=== Records for this exercise ===
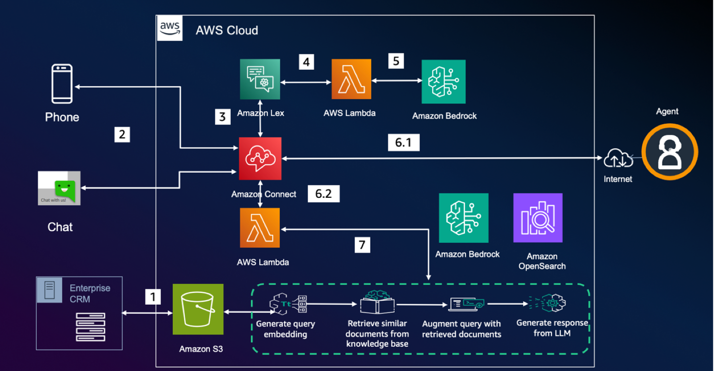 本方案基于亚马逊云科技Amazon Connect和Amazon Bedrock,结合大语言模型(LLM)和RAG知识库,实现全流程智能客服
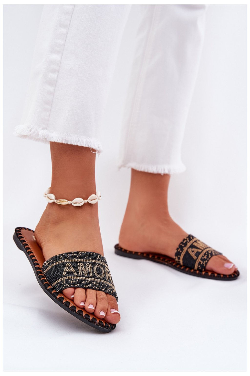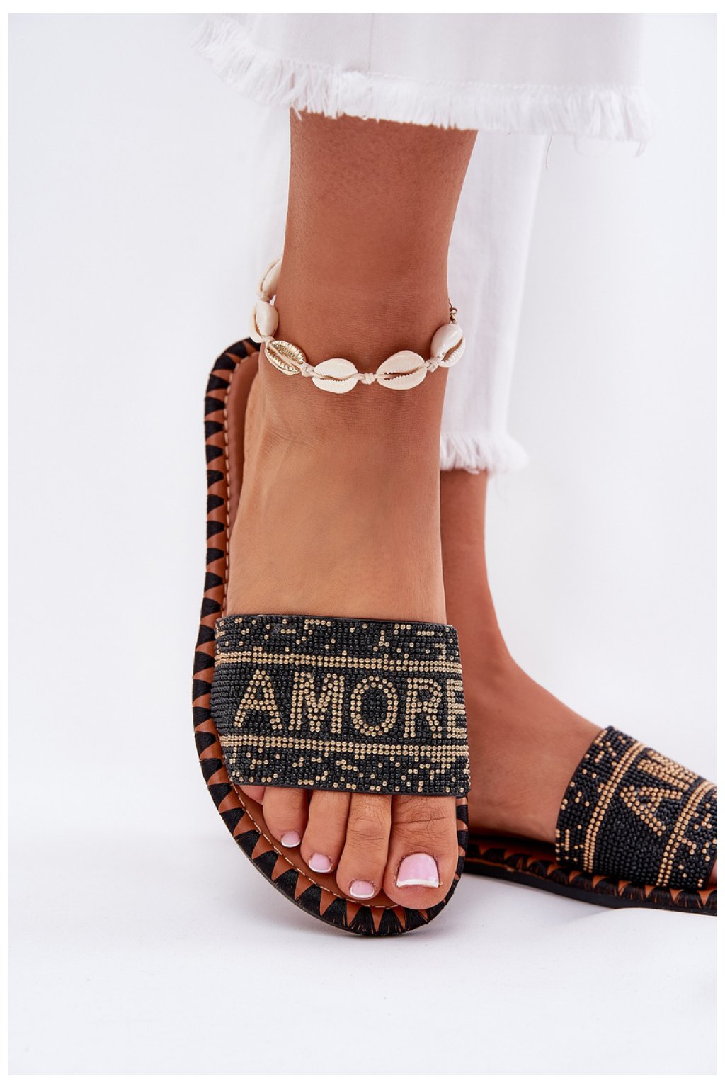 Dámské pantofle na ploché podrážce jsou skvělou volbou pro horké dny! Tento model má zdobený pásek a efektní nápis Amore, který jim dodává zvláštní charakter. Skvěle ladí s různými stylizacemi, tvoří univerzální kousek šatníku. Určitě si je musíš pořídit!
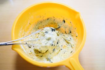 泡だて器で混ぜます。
===
=== Records for this exercise ===
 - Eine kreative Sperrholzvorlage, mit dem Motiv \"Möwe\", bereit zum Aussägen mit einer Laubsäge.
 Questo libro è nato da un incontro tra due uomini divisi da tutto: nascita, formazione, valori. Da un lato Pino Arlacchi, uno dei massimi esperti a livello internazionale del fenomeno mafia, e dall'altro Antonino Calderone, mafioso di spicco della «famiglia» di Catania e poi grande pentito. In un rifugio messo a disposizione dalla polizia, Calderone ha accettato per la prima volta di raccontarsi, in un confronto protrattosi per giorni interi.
===
=== Records for this exercise ===
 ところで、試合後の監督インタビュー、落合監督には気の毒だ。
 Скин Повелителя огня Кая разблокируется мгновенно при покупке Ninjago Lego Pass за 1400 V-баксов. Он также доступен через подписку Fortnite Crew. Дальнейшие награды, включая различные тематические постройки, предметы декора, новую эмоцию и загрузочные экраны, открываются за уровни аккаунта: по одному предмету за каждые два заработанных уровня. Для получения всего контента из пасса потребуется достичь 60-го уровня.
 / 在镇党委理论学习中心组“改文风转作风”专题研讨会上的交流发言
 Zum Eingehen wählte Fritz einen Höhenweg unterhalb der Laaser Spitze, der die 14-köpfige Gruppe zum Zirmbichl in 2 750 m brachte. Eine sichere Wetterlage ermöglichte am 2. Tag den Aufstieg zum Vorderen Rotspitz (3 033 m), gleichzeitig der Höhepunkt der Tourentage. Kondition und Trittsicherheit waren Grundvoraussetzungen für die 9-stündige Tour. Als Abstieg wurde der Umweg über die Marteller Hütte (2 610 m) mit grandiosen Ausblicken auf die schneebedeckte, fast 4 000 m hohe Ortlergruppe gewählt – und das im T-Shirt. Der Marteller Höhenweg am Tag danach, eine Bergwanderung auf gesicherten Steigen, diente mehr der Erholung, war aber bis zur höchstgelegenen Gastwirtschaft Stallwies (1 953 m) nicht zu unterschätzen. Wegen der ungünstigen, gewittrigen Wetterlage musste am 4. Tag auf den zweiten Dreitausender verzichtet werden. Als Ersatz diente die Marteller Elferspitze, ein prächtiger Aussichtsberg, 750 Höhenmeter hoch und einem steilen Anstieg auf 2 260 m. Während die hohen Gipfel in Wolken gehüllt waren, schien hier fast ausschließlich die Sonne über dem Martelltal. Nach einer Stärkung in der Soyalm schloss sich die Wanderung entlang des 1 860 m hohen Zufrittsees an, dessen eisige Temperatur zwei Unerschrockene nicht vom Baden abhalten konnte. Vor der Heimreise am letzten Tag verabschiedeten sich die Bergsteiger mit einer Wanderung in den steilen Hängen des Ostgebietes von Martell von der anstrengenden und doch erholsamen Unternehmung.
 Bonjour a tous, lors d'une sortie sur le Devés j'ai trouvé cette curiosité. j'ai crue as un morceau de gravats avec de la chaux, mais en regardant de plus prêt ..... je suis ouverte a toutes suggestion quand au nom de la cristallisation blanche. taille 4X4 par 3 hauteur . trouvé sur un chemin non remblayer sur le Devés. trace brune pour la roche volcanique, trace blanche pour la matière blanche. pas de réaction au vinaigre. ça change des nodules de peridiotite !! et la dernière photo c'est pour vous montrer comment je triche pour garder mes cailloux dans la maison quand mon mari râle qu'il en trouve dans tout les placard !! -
===
**What to do**
Using the data above, transcribe the lines that run from the line with "Zum Eingehen wählte" to the line with "Bonjour a tous, lors", both ends kept, and output nothing else.

**Result of the exercise**
 Zum Eingehen wählte Fritz einen Höhenweg unterhalb der Laaser Spitze, der die 14-köpfige Gruppe zum Zirmbichl in 2 750 m brachte. Eine sichere Wetterlage ermöglichte am 2. Tag den Aufstieg zum Vorderen Rotspitz (3 033 m), gleichzeitig der Höhepunkt der Tourentage. Kondition und Trittsicherheit waren Grundvoraussetzungen für die 9-stündige Tour. Als Abstieg wurde der Umweg über die Marteller Hütte (2 610 m) mit grandiosen Ausblicken auf die schneebedeckte, fast 4 000 m hohe Ortlergruppe gewählt – und das im T-Shirt. Der Marteller Höhenweg am Tag danach, eine Bergwanderung auf gesicherten Steigen, diente mehr der Erholung, war aber bis zur höchstgelegenen Gastwirtschaft Stallwies (1 953 m) nicht zu unterschätzen. Wegen der ungünstigen, gewittrigen Wetterlage musste am 4. Tag auf den zweiten Dreitausender verzichtet werden. Als Ersatz diente die Marteller Elferspitze, ein prächtiger Aussichtsberg, 750 Höhenmeter hoch und einem steilen Anstieg auf 2 260 m. Während die hohen Gipfel in Wolken gehüllt waren, schien hier fast ausschließlich die Sonne über dem Martelltal. Nach einer Stärkung in der Soyalm schloss sich die Wanderung entlang des 1 860 m hohen Zufrittsees an, dessen eisige Temperatur zwei Unerschrockene nicht vom Baden abhalten konnte. Vor der Heimreise am letzten Tag verabschiedeten sich die Bergsteiger mit einer Wanderung in den steilen Hängen des Ostgebietes von Martell von der anstrengenden und doch erholsamen Unternehmung.
 Bonjour a tous, lors d'une sortie sur le Devés j'ai trouvé cette curiosité. j'ai crue as un morceau de gravats avec de la chaux, mais en regardant de plus prêt ..... je suis ouverte a toutes suggestion quand au nom de la cristallisation blanche. taille 4X4 par 3 hauteur . trouvé sur un chemin non remblayer sur le Devés. trace brune pour la roche volcanique, trace blanche pour la matière blanche. pas de réaction au vinaigre. ça change des nodules de peridiotite !! et la dernière photo c'est pour vous montrer comment je triche pour garder mes cailloux dans la maison quand mon mari râle qu'il en trouve dans tout les placard !! -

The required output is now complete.